Subscribe to our monthly newsletter to get the latest updates in your inbox
So your Google Analytics export to BigQuery is delayed... Why does this happen? According to Google’s documentation, one file representing your analytics data for the previous data will be loaded to BigQuery “ during the morning of the time zone you set for reporting ”. On top of this, Google makes it clear, “ This feature is not governed by a service-level agreement (SLA) ”. So in theory, you may generally expect your data in the early hours of the morning. In practice, this daily ingestion can occasionally be delayed until the late morning or early afternoon, and Google is not required by contract to account for this delay. Why does this matter? When data is delayed it can affect requirements fulfillment downstream. That might mean that data is not available for a report in time for a meeting or a subsequent data processing step executes late. What can be done? In this documentation, we will discuss two approaches Adswerve recommends to limit the effects of this issue: using an event-driven approach to data processing and incorporating logic to leverage intraday tables if your daily export table is unavailable.
First Approach: Event-Driven Processing - A Solution for Data FreshnessWhy event-driven processing? As Google Analytics data doesn’t ingest into BigQuery at a set time, a pipeline that runs on a set schedule will not be efficient in processing your data. As such, we recommend using an event-driven pipeline to detect if the data has become available in BigQuery and process your data accordingly. This will ensure data freshness downstream. Solution Architecture: Adswerve recommends the following architecture to handle data transformations that can be handled by SQL queries.
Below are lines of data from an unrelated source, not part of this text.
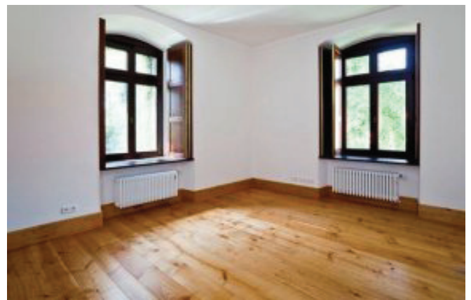
Hagensieker Kirschholzdielen aus dem eigenen Garten
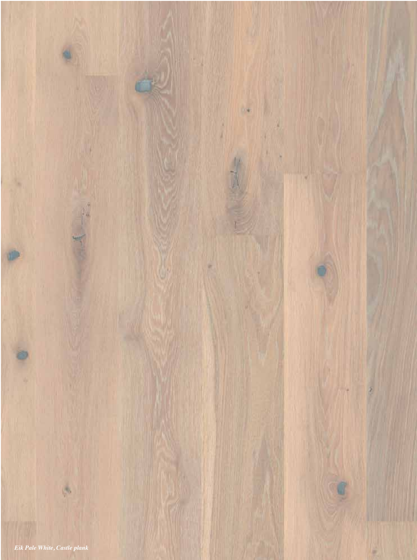
Eik Pale White, Castle plank
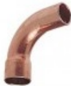
Łuki 90° jednokielichowe
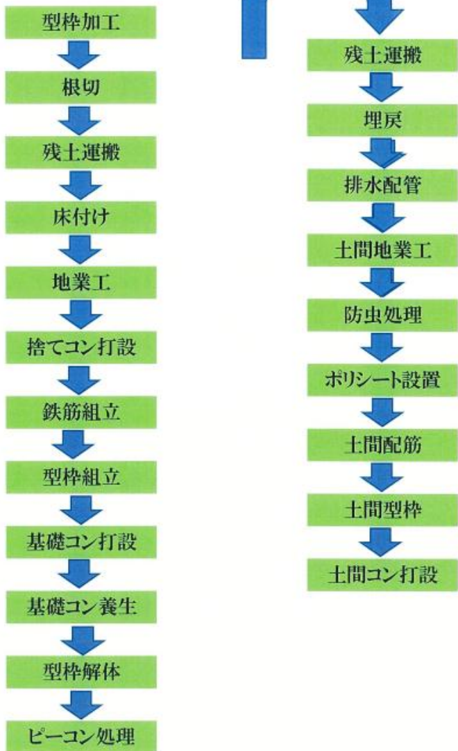
従来建築施工工程
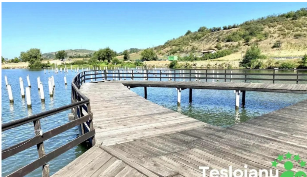
Complex egreta dotari
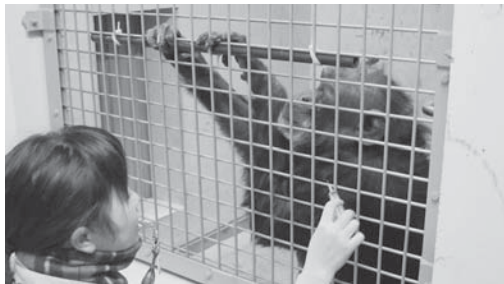
チンパンジーに採血のトレーニング
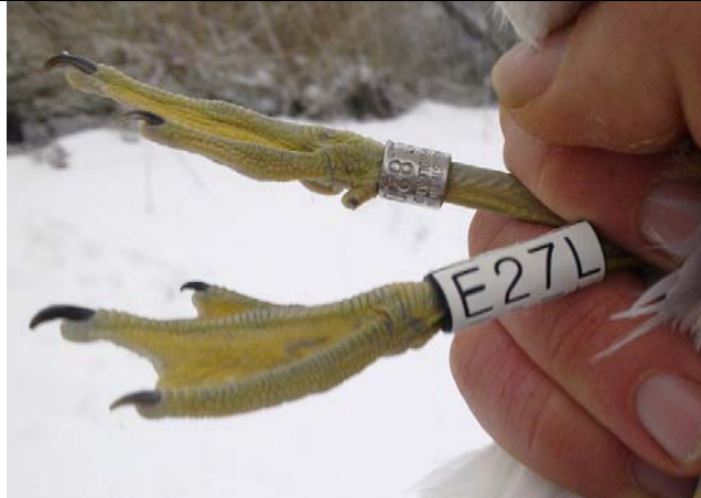
Afbeelding 27: Stormmeeuw met de eerste kleurring voor het ringstation, 25 december 2010

december dreigde 2010, met slechts één vangst, nog het slechtste jaar ooit te worden. Op 23 december werden echter twee exemplaren verleid om voer van het slagnet te halen, en op 25 december zelfs drie: een dagrecord. Onder deze vogels bevond zich een exemplaar dat door ons op 24 juni 2005 als eerstejaars geringd was: vijf-en-een-half jaar eerder dus! Op de 29 e tenslotte werd ook nog een vogel teruggevangen uit december 2008.
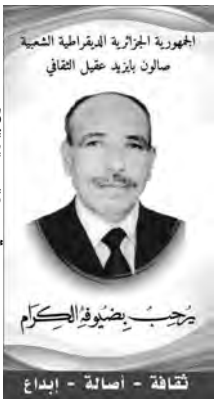
صالون بيازيد عقيل الثقافي

التحكيم وجائزة الجمهور، وتوزع دروع المسابقة في جلسة من جلسات "صالون بيازيد عقيل الثقافي".

Use cases include clustering, aggregating and normalizing, to name a few. Step-by-Step Architecture:
- Daily and intraday tables are exported by Google Analytics to BigQuery.
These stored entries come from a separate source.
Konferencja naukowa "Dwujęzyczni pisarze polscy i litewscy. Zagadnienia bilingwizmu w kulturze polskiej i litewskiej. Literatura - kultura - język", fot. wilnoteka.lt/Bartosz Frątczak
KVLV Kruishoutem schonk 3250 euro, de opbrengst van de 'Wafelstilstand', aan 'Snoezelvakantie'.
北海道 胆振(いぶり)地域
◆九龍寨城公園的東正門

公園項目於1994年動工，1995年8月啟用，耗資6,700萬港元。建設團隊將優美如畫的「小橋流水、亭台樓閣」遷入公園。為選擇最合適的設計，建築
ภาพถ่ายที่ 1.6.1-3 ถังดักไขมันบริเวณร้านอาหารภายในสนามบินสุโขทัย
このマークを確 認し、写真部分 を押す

- A Stackdriver Log Sink captures logs for data ingests to ‘ga_sessions_...’ and ‘ga_sessions_intraday_...’ BigQuery tables.
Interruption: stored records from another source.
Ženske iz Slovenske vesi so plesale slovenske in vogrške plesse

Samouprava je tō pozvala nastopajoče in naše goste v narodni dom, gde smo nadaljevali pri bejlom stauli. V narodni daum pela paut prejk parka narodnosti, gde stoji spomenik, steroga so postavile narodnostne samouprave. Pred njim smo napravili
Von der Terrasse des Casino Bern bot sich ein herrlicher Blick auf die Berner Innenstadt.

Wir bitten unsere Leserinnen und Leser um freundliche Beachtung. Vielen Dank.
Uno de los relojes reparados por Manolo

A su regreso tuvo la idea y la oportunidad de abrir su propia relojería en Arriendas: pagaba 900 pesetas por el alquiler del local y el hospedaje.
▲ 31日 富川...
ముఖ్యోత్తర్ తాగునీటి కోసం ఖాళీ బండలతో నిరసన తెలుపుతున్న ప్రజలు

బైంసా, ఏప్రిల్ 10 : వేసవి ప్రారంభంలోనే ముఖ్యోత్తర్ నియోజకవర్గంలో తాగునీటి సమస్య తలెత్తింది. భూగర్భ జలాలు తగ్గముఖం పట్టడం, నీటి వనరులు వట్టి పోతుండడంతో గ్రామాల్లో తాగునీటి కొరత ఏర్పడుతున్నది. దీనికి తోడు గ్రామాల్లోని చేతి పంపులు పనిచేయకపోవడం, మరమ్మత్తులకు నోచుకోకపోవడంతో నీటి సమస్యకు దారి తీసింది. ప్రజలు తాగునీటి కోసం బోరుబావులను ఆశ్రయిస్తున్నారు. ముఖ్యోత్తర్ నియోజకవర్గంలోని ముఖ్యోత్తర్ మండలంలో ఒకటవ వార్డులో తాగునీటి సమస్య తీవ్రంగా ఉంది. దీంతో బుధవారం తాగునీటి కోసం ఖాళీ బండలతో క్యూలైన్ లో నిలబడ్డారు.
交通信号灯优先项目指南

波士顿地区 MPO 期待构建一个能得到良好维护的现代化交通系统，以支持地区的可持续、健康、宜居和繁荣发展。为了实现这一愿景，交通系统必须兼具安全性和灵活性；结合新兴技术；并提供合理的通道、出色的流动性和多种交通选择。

- This captured log is sent as a message to a Pub/Sub topic.
- A Cloud Function is subscribed to this topic and triggers on receipt of the ingestion message.
- The function executes BigQuery API calls to execute queries that perform the required data transformations and overwrite or append the resulting data to new tables or existing tables respectively.
Second Approach: Intraday Tables - A Solution for Data AvailabilityWhy are we concerned with data availability? Consider this scenario: Your marketing team meets every day and checks their reports for website traffic for the past seven days. Every so often, they notice that the data for yesterday is not available in these reports. The issue, of course, is the delayed Google Analytics export for yesterday’s sessions. The solution for this lies in your intraday tables. What are intraday (or realtime) tables? Intraday tables represent Google Analytics data for the current day. They are appended to three times a day with data lagging about two hours and are replaced with a new table when the daily sessions table is ingested to BigQuery. Alternatively, realtime tables are appended to approximately every 15 minutes. Both tables allow reporting on the current day’s analytics data. How can we use intraday tables? Because intraday tables are only overwritten in the event of a new daily table ingestion to BigQuery, they will continue to append while also storing the data for yesterday’s sessions. We can solve for yesterday’s missing data by incorporating logic into our data processing and reporting workflow. The logic will execute data processing queries to pull from intraday tables in the event that the daily table is not yet available. The following will explain how Adswerve recommends implementing this logic: But first, a few considerations:
- Intraday or realtime table export must be configured in your Google Analytics Export linking configuration.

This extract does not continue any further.